Home / Opinion / Online-views /  Minority Report | The discounted scalpel

The Times of India of 15 March carried an advertisement on Page 9 with an inaugural offer by Jaypee Hospital in Noida, on the outskirts of Delhi. Besides advertising “world-class services at affordable prices", it beamed a chart of prices listed against surgeries with the actual price and the offered price. Almost like a Pizza Hut menu. So a heart bypass surgery that would otherwise cost a patient 2.58 lakh was offered at 1.5 lakh; total knee replacement priced at 2.4 lakh was going for 1.5 lakh; a 53,000 gall bladder surgery had been slashed to 20,000 and a cataract operation that would normally set you behind by 24,000 was priced at 12,500 only.

A 50% discount was also offered on PET, MRI and CT scans, mammography, ultrasound, X-Ray and lab investigations, and this large ad told us that the “offer was valid till 31st May 2015".

Every service industry has the right to seduce customers. It’s understood that an entrepreneurial investment of any kind must be boosted by sales and good business to keep its head above water. I am also sure that if this were a cosmetic enhancement clinic, an offer on an expensive gym membership or a sari shop sale announcing discounts, most of us wouldn’t notice it at all. So why does a similar ad from a hospital evince doubtful interest? My quick answer is that a hospital is in the business of saving lives through ethical practice.

More than that, medical ethics currently pose a big question mark in India. Inequalities of income, wealth and the now growing defensive relationship between doctors and patients has begun to erode the old undying trust and worship-like reverence that patients had for doctors. Doctors no longer treat their professions or their patients with a good mix of head, heart, scientific knowledge and instinct. It’s a very sterile relationship.

As a result, the medical trysts most of us have are with the gigantic diagnostic industry. Whether it is a lump in the breast or a mild allergy, you must wade through numerous investigations. Doctors ostensibly don’t want to take chances; patients are too trapped in ignorance and fear to argue with specialized advice. Hospitals invariably stand to gain from the eggshells that patients must walk on.

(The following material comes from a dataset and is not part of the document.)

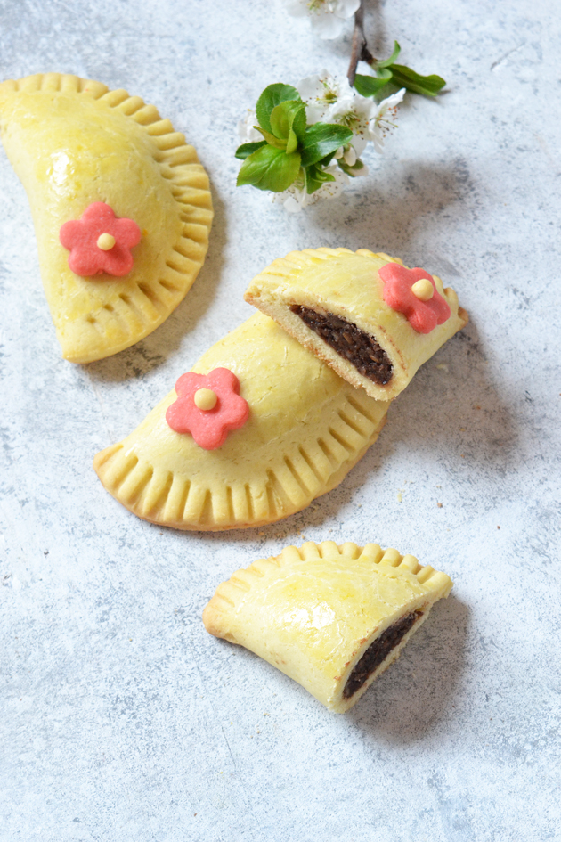 Le nepitelle sono dolci di origine araba che si realizzano in Calabria, soprattutto nella provincia di Catanzaro nel periodo pasquale, il loro nome deriva dal latino nepitedum che vuol dire palpebra, la loro forma infatti richiama quella di una palpebra socchiusa. E’ un dolce ricco di ingredienti, perfettamente equilibrati che danno vita ad un sapore delizioso. La versione originale prevede una frolla preparata con lo strutto, mentre per quanto riguarda l’interno si utilizza il vino cotto. Nella mia versione ho realizzato una frolla con l’olio ed ho sostituito il vino cotto, non semplice da trovare con la marmellata di prugne. Le mie nepitelle sono state assaggiate e approvate da mia suocera, quindi potete essere sicuri di realizzare una versione molto simile all’originale.

There is a lot of diagnostic advancement and, thus, a lot of prevention, no doubt—though this luxury is available only to those who can afford it. At the same time, more surgeries take place in India than are necessary, going by what’s reported; more people die on ventilator support in intensive care units connected to machines and tubes instead of passing peacefully at home; more depend on everyday medicines, more Indian pharmacies are constantly crowded, and the very obvious: few babies are born through normal delivery. My yoga teacher, who currently co-consults with a gynaecologist at a reputed Delhi hospital (she did not give me permission to use her name or that of the hospital) on fertility issues among young urban women and teaches yoga to new mothers, keeps telling me that she rarely comes across a woman who has had a natural childbirth. “Every birth or at least eight out of 10 are done by Caesarean section—even when the mother is a 27-year-old with a normal pregnancy," she says.

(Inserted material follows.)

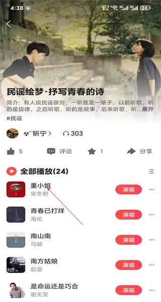 切换至民谣歌单“民谣绘梦·抒写青春的诗”的详情页面,浏览董小姐等民谣作品,查看该歌单包含的具体曲目。
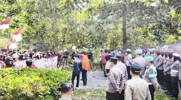 Koordinator lapangan massa aksi, Maulana, menyampaikan bahwa kehadiran mereka adalah untuk menyampaikan aspirasi secara damai tentang keresahan masyarakat Kampar.

So let’s return to the original question. In this climate of better diagnosis, more prevention but failing goodwill for the business of medicine, is it ethical for a hospital to offer discounted rates? Might it prompt people with middle-class mentalities and limited budgets to opt for procedures they may not immediately need or may not need at all? It may even urge some to easily agree for a larger battery of tests if a 50% discount is going on an MRI. I am very sure this Jaypee Hospital in Noida is not the only one hawking discounts through expensive ads. Even reputed diagnostic chains such as Dr Lal PathLabs routinely offer health packages and slashed rates on pathological tests as do top hospitals by creating smart (and more affordable) annual health-check offers. Yet, surely a line could be drawn somewhere. Surgery rates slashed by a lakh of rupees brings the doubt whether the original rates are justified to begin with. There is a difference, I believe, between raising awareness by calling people on “World Heart Day" to test affordably for heart disease and a discounted bypass surgery.

I checked the legalities with a lawyer, who assured me that such ads are perfectly legal. But I will still say that total knee replacement is hardly like a pair of Nike shoes going at half the price because the season has changed, the colour is off the fashion forecast and new designs have hit the market.